Given the relevance between Piezo 1 and YAP described above, the expression of Piezo 1 and YAP in clinical tissues was analyzed. IHC analysis supported that metastatic CCA tissues frequently showed high Piezo 1 levels and high YAP levels, whereas non-metastatic CCA tissues mostly exhibited low Piezo 1 expression and low YAP expression, indicating a positive correlation between Piezo 1 and YAP protein levels in CCA tissues (Figure 5G). Taken together, our results supported that the activated Piezo 1 protein impedes Hippo signaling, leading to the translocation of YAP into the nucleus, and targets the downstream genes.

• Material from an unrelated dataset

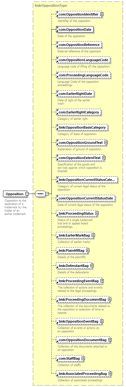 | children | com:OppositionIdentifier com:OppositionDate com:OppositionReference com:OppositionLanguageCode com:ProceedingLanguageCode com:EarlierRightDate com:EarlierRightCategory tmk:OppositionBasisCategory com:OppositionGroundText com:OppositionExtentText tmk:OppositionCurrentStatusCategory com:OppositionCurrentStatusDate tmk:ProceedingStatus tmk:EarlierMarkBag tmk:PlaintiffBag tmk:DefendantBag tmk:ProceedingEventBag tmk:ProceedingDocumentBag tmk:OppositionEventBag com:OppositionDocumentBag com:StaffBag tmk:AssociatedProceedingBag | ||||

Piezo 1 activation elevates CCA cell migration and invasion via YAP activation

Given that dysregulation of the Hippo signaling pathway promotes CCA development,²⁴^,²⁵ we proposed that YAP activation is required for increased cell migration and invasion induced by Piezo 1 activation. To test this hypothesis, cells were treated with Yoda 1 for Piezo 1 channel activation and incubated with or without verteporfin, a molecule able to block the formation of YAP/TEAD. After 48 h treatment, real-time PCR and immunoblot analysis implied that inhibition of YAP by verteporfin partially abrogated the Yoda 1-induced E-cadherin downregulation and N-cadherin and vimentin upregulation (Figures 6A and 6B). Furthermore, E-cadherin was marked and IF assay was performed; the data showed that after verteporfin treatment Yoda 1-induced E-cadherin fluorescence downregulation was reversed (Figure 6C). Moreover, inhibition of YAP by verteporfin partially abrogated CCA cell migration and invasion induced by Piezo 1 activation by Transwell migration and invasion assays (Figures 6D and 6E). Taken together, our data demonstrated that YAP activation is required for elevated CCA cell metastasis induced by Piezo 1 activation.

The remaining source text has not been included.